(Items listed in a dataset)
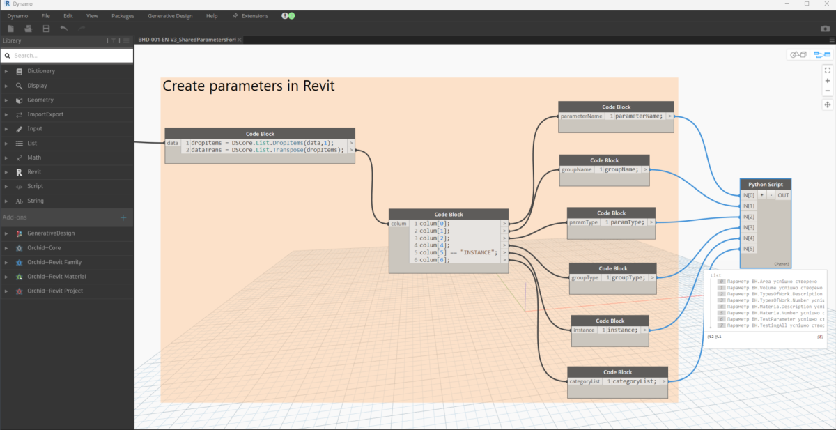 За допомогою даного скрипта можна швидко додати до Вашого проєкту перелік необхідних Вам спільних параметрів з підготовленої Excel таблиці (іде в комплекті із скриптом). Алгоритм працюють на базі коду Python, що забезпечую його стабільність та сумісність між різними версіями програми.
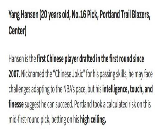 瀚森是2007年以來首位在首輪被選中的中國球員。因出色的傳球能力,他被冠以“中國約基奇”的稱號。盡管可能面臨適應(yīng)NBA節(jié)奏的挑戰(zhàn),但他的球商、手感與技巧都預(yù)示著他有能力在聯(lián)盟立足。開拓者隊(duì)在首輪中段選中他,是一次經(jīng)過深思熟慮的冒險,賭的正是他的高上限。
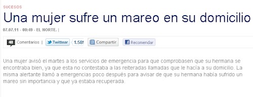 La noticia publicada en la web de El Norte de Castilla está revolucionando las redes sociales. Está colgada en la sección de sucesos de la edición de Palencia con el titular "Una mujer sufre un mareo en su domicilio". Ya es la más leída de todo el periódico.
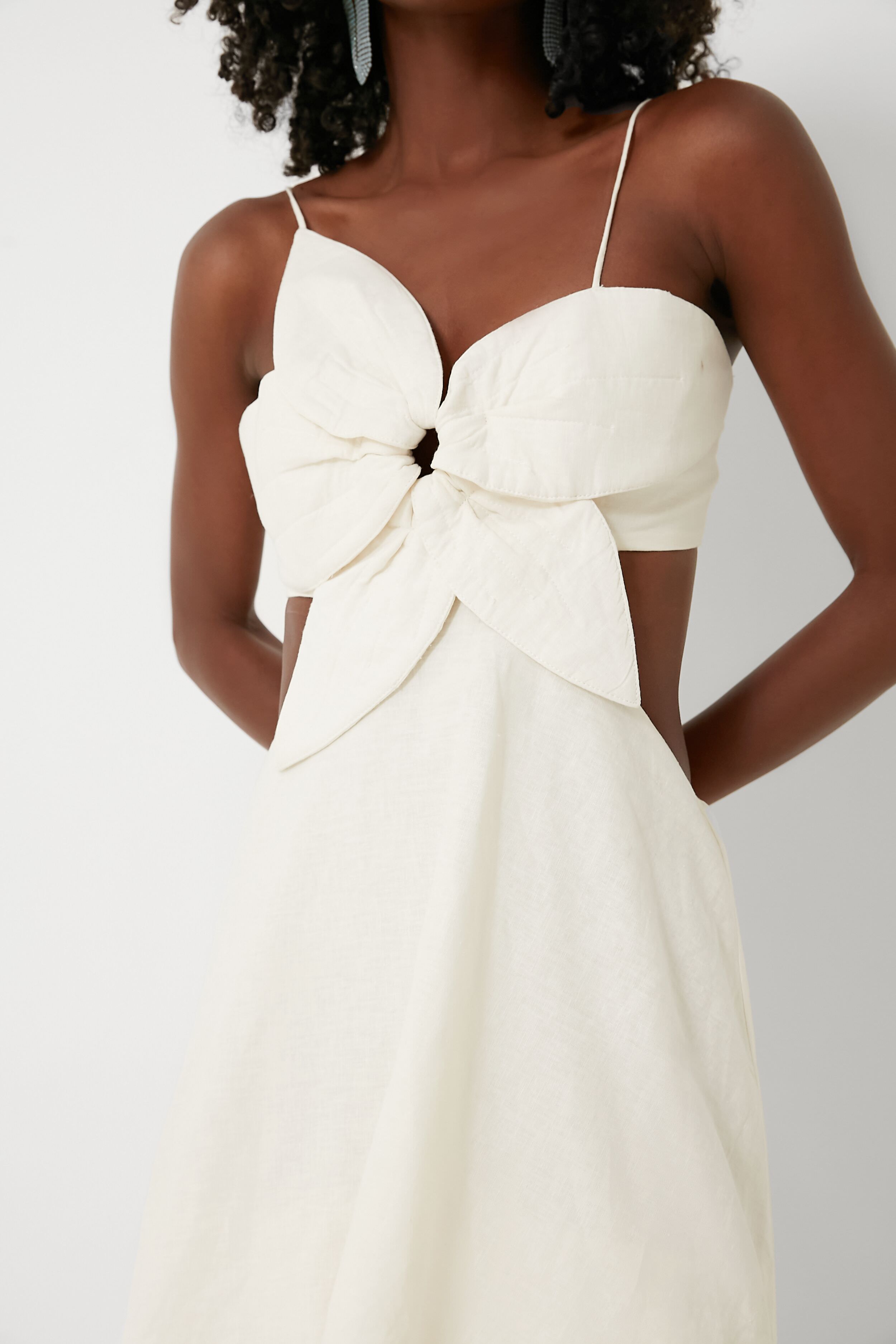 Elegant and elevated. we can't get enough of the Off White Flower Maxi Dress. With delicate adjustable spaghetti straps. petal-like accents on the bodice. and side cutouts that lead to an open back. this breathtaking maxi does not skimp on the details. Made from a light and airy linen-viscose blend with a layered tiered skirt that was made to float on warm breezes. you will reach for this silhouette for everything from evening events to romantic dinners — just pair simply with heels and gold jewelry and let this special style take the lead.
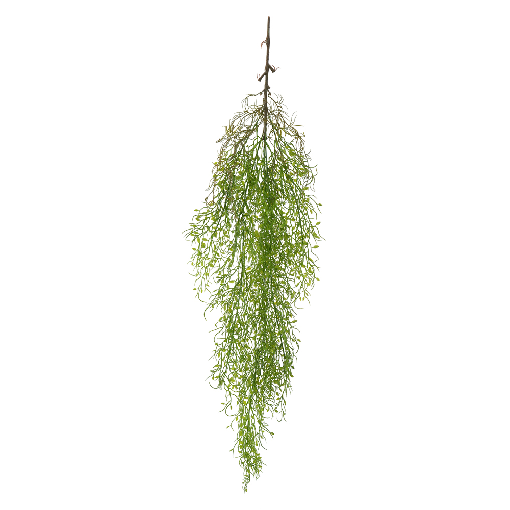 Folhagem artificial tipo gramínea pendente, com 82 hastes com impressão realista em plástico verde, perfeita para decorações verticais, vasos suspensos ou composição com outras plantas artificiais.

Exercise details: Among the entries above, copy exactly the stretch from the line holding "瀚森是2007年以來首位在首" through the line holding "Elegant and elevated.", leaving out any pictures.

Task answer:
 瀚森是2007年以來首位在首輪被選中的中國球員。因出色的傳球能力,他被冠以“中國約基奇”的稱號。盡管可能面臨適應(yīng)NBA節(jié)奏的挑戰(zhàn),但他的球商、手感與技巧都預(yù)示著他有能力在聯(lián)盟立足。開拓者隊(duì)在首輪中段選中他,是一次經(jīng)過深思熟慮的冒險,賭的正是他的高上限。
 La noticia publicada en la web de El Norte de Castilla está revolucionando las redes sociales. Está colgada en la sección de sucesos de la edición de Palencia con el titular "Una mujer sufre un mareo en su domicilio". Ya es la más leída de todo el periódico.
 Elegant and elevated. we can't get enough of the Off White Flower Maxi Dress. With delicate adjustable spaghetti straps. petal-like accents on the bodice. and side cutouts that lead to an open back. this breathtaking maxi does not skimp on the details. Made from a light and airy linen-viscose blend with a layered tiered skirt that was made to float on warm breezes. you will reach for this silhouette for everything from evening events to romantic dinners — just pair simply with heels and gold jewelry and let this special style take the lead.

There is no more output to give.